Author: Remington, Jacob M.; McKay, Kyle T.; Ferrell, Jonathon B.; Schneebeli, Severin T.; Li, Jianing
Title: Enhanced Sampling Protocol to Elucidate Fusion Peptide Opening of SARS-CoV-2 Spike Protein Cord-id: rsy6c2y4 Document date: 2021_6_2
ID: rsy6c2y4
Snippet: Large-scale conformational transitions in the spike protein S2 domain are required during host cell infection of the SARS-CoV-2 virus. Although conventional molecular dynamics simulations have been extensively used to study therapeutic targets of SARS-CoV-2, it is still challenging to gain molecular insight into the key conformational changes due to the size of the spike protein and the long timescale required to capture these transitions.

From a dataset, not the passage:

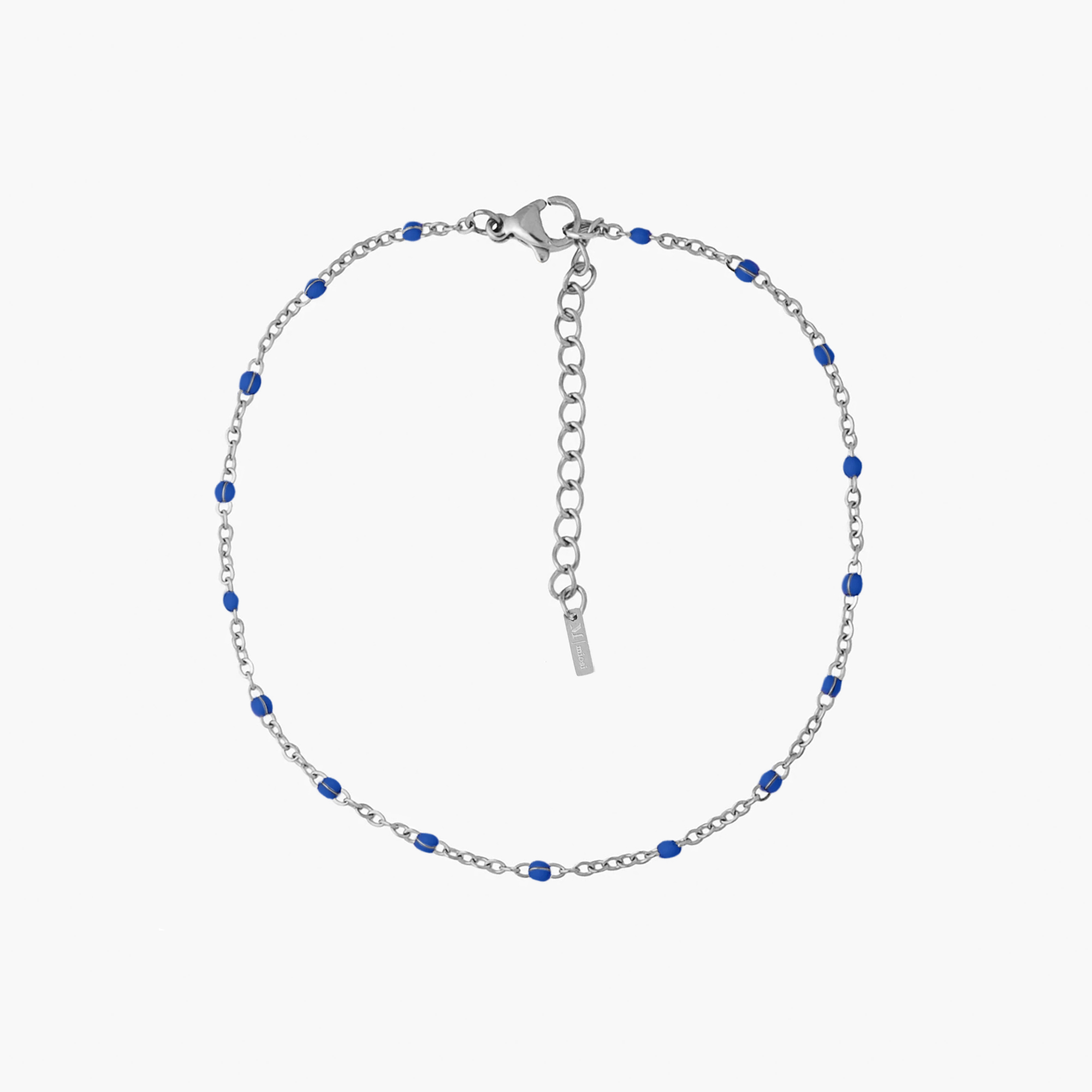 Bransoletka na nogę z niebieskimi koralikami srebrna

In this work, we have developed an efficient simulation
Document: Large-scale conformational transitions in the spike protein S2 domain are required during host cell infection of the SARS-CoV-2 virus. Although conventional molecular dynamics simulations have been extensively used to study therapeutic targets of SARS-CoV-2, it is still challenging to gain molecular insight into the key conformational changes due to the size of the spike protein and the long timescale required to capture these transitions. In this work, we have developed an efficient simulation protocol that leverages many short simulations, a novel selection algorithm, and Markov state models to interrogate the dynamics of the S2 domain. We discovered that the conformational flexibility of the dynamic region upstream of the fusion peptide in S2 is coupled to the proteolytic cleavage state of the spike protein. These results suggest that opening of the fusion peptide likely occurs on a sub-microsecond timescale following cleavage at the S2’ site. Building on the structural and dynamical information gained to date about S2 domain dynamics, we provide proof-of-principle that a small molecule bound to a seam neighboring the fusion peptide can slow the opening of the fusion peptide, leading to a new inhibition strategy for experiments to confirm. In aggregate, these results will aid the development of drug cocktails to inhibit infections caused by SARS-CoV-2 and other coronaviruses.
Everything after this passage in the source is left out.